The biggest decision to make when building a table viewer is what to do with the data. Do you want the entire dataset to reside in the browser or do you want to leave it on the server and page the currently viewed section back and forth to the browser. Both approaches have their place.

Browser based approaches are much cheaper to serve at scale. Browsers have improved significantly in the past decade and there are many applications that put over a gigabyte of data into the browser with no ill effects. Further with HTTP range requests, the full dataset doesn’t even have to be loaded at once. Apache Arrow and Parquet make this approach more performant and attractive. This approach scales with little cost because S3 and Cloudflare are incredibly performant and inexpensive compared to spinning up server infrastructure.

Browser based approaches fall down with datasets over 1 GB. Additionally 1 GB is about the total limit of memory use that you want a single page to have, so if you have multiple dataframes that you want to display simultaneously, keep that in mind. Finally, browser based solutions require using browser based analytics engines instead of familiar tools like pandas and polars. Apache Arrow is packageable into a WebAssembly module, but packaging it into a JS build is tricky.

Server based solutions are more familiar as traditional web apps, sometimes with some twists. Server based solutions excel for very large datasets that are backed by analytics engines. If your 10 GB table is already in a relational database, let the database do the sorting, and only send over the limited rows that are being displayed. Server based solutions with persistent connections also allow many more tables to be displayed simultaneously while limiting browser memory usage. If you have infrastructure built around analytics pipelines in traditional environments, server side solutions are often the better way to go. Sorting and histograms in particular can be hard to implement identically in different numerical engines.

The downsides of a server based approach are that you always need to have the server running to make the table work. At the small end this means you can’t simply host an artifact with your table in it. You can’t serve a Jupyter notebook statically in a GitHub repo. If you intend to host an analytics system with your table, you now need server infrastructure to back it. Server infrastructure connected to a relational database or data warehouse is one level of expense — it is even more expensive (in terms of memory and CPU) to host Python-based analytics server-side.

Serializing data¶

For buckaroo, serializing data to JSON was the slowest part of the initial render (not true anymore, because of better lazy fetching). Serializing dataframes is hard. There are multiple numerical Python (Arrow, computation) concepts that don’t have direct equivalents in JS or JSON. Notably infinity and NaN aren’t valid in JSON. Furthermore datetime handling across JSON requires a processing layer — you will either encode strings or millisecond offsets, either requiring a metadata layer that can then be interpreted. Then there are common Python datatypes like timedelta that have no native JS equivalent.

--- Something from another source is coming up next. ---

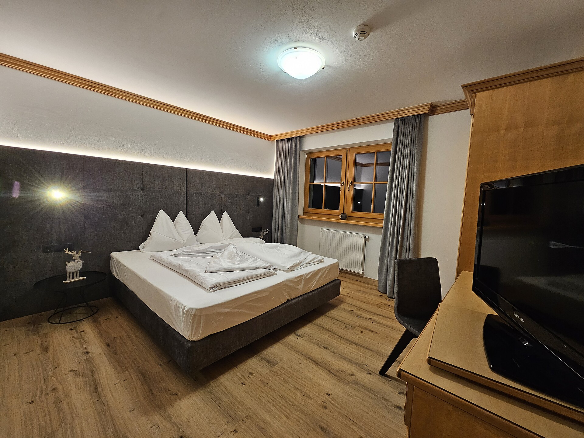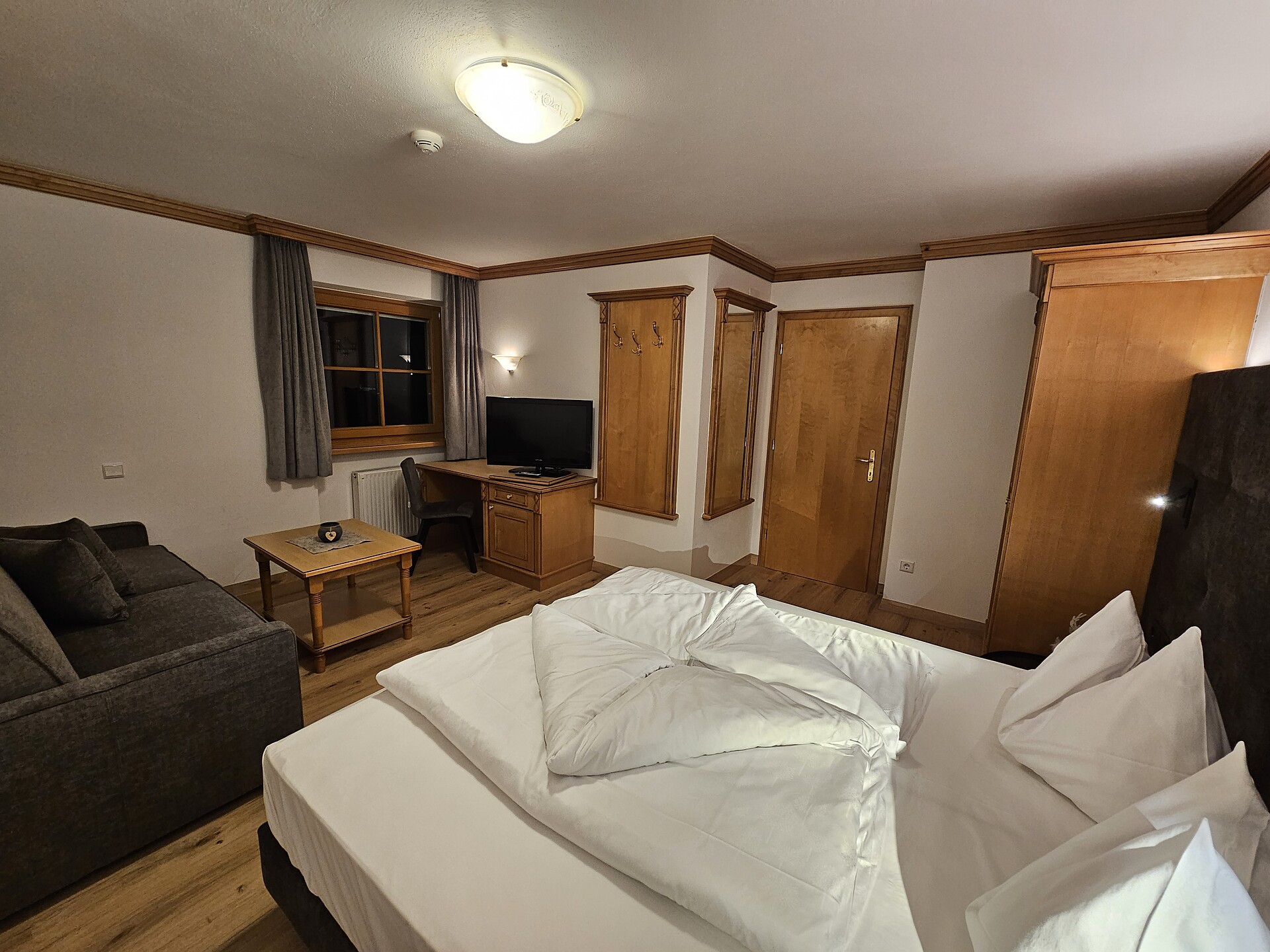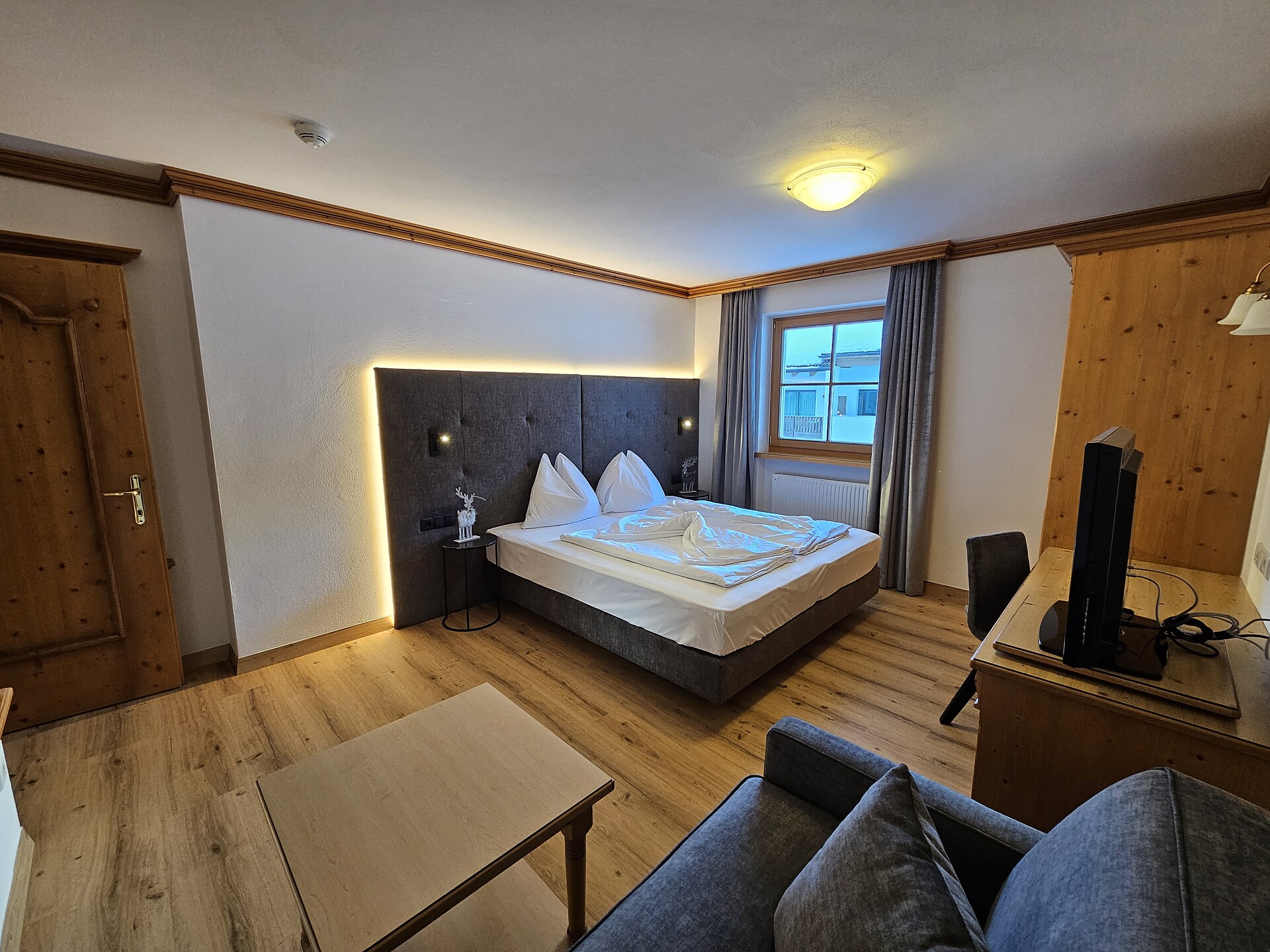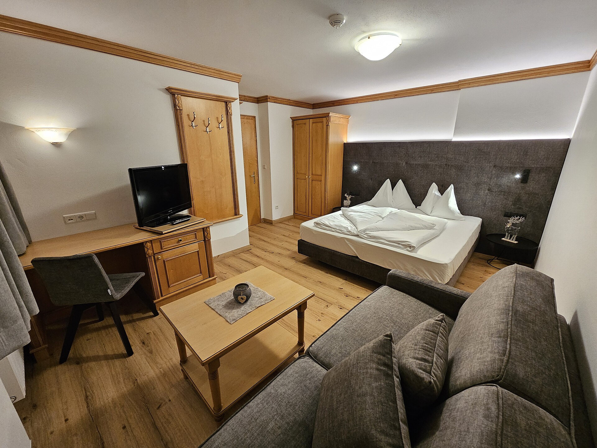 Double bed , Cot, Double sofa bed, Balcony, Terrace, Bed linen provided, Safe, Non-smoking apartment, Eat-in kitchen, Coffee machine, Dishwasher, Electric cooker, Microwave, Cutlery provided, Hob, Shower/Bath tub, Hair dryer, Towels, Bathtub, Apartment with sauna, TV, Satellite/Cable, WLAN, Internet access, Main building, Panoramic view

Next we get to the difficulty of serializing pandas data structures. Pandas indexes which apply to rows and columns occur in a variety of formats. Multi-level indexes can be challenging for display — they have to be special-cased in your display code regardless of how they are serialized. Pandas columns can also be named in a variety of ways, including as numerics or strings.

These different dataframe configurations are challenging because they are hard to completely anticipate. In my experience, when a user constructed a dataframe with an unexpected structure, it was one of the most likely things to blow up buckaroo with a JS typing error. There were also exceptions thrown through most of the pandas processing code.

Polars is a bit easier in this regard. Polars eschews having an index.

Many of these issues exist when serializing to a binary format like Feather or Parquet, but are a bit different. With Feather/Parquet, make sure Python objects and lists serialize properly. Also if you want a single-file static HTML export to work, you will need to base64 encode the binary data. True binary-to-binary transfer requires a network connection.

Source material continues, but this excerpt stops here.